(LISTED RECORDS Opens)

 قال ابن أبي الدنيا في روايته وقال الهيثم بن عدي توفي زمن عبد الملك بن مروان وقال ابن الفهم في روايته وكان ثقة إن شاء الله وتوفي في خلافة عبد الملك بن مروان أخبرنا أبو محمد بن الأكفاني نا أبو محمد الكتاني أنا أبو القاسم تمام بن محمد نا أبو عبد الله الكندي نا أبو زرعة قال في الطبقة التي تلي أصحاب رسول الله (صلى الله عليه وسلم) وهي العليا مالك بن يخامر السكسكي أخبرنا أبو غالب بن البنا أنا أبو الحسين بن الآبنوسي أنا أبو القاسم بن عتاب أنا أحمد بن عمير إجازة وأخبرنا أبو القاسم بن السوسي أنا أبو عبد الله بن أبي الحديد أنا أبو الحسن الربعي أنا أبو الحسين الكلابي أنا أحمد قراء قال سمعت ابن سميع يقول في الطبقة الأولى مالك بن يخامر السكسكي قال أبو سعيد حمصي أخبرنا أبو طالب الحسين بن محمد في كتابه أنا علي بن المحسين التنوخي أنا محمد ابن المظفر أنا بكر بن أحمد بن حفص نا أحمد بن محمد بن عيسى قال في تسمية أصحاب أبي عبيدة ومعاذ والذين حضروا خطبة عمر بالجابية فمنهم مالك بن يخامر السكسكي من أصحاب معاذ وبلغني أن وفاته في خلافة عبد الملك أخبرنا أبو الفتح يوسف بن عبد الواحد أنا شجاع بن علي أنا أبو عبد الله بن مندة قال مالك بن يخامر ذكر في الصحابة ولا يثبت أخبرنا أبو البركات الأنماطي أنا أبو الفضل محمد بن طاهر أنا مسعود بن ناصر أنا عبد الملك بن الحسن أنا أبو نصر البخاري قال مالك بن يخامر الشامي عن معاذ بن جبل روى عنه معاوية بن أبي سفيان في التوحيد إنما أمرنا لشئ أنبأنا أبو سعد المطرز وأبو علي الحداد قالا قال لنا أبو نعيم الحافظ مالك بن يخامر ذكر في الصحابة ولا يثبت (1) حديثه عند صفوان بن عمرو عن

(LISTED RECORDS Closes)
(LISTED RECORDS Opens)

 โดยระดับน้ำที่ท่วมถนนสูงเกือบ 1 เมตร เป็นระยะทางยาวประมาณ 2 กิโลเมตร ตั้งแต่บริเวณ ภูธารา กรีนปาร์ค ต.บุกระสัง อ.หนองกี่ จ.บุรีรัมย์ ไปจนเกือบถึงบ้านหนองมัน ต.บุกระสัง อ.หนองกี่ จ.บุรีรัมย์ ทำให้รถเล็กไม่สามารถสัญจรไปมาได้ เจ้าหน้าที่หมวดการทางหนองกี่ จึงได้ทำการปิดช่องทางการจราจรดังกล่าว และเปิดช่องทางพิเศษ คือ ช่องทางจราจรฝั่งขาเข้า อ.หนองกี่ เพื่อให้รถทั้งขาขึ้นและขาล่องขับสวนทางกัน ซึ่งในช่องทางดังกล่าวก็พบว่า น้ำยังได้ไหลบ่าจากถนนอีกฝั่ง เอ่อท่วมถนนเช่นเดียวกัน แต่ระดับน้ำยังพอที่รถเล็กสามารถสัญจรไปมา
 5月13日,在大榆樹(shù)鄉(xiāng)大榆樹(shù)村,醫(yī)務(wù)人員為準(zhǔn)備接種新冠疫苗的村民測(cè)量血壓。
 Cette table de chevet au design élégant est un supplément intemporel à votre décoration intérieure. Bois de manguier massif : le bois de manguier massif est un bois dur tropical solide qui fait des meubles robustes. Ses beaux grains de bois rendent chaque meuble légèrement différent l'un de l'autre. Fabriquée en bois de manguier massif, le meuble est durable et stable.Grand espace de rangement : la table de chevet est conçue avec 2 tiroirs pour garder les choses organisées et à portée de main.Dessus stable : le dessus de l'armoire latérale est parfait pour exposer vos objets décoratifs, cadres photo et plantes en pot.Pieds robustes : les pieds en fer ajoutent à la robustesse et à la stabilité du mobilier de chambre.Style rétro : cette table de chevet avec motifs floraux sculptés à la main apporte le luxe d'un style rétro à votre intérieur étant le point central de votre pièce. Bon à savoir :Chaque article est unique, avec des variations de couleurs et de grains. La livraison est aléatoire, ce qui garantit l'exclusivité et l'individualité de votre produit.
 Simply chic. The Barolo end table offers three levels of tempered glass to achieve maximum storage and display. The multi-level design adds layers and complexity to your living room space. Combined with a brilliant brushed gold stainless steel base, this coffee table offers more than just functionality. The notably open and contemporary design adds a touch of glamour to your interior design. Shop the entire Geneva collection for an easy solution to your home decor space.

(LISTED RECORDS Closes)
(LISTED RECORDS Opens)

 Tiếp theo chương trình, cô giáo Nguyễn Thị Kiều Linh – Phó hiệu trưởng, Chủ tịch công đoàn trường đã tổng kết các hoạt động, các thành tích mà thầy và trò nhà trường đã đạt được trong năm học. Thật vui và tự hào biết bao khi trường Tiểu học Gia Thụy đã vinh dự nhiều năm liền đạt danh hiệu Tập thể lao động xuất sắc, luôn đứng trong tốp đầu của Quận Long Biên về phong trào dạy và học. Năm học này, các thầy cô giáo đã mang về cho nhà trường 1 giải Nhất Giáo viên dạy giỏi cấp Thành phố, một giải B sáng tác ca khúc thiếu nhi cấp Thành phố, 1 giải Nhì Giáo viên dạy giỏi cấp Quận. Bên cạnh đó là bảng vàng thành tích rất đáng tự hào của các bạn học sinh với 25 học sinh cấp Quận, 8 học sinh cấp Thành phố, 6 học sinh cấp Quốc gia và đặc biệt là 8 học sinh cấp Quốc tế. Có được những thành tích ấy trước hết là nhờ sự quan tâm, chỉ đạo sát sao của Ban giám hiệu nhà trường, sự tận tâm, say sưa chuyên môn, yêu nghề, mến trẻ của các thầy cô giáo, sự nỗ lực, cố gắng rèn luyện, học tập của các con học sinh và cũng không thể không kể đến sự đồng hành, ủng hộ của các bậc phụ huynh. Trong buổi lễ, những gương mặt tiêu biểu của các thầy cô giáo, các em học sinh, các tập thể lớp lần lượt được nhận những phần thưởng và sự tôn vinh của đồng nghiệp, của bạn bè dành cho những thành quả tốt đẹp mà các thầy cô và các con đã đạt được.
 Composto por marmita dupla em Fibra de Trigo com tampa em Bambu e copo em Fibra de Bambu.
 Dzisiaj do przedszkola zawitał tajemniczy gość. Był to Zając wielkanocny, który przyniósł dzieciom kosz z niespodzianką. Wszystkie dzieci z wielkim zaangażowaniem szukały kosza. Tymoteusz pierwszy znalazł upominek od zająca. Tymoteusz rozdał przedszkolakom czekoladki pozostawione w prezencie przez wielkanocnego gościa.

(LISTED RECORDS Closes)

* WORK ORDER
Out of the data above, set down the lines from the one with "Composto por marmita" to the one with "Dzisiaj do przedszkola", both included, exactly as written and with no additions.

* TASK OUTPUT
 Composto por marmita dupla em Fibra de Trigo com tampa em Bambu e copo em Fibra de Bambu.
 Dzisiaj do przedszkola zawitał tajemniczy gość. Był to Zając wielkanocny, który przyniósł dzieciom kosz z niespodzianką. Wszystkie dzieci z wielkim zaangażowaniem szukały kosza. Tymoteusz pierwszy znalazł upominek od zająca. Tymoteusz rozdał przedszkolakom czekoladki pozostawione w prezencie przez wielkanocnego gościa.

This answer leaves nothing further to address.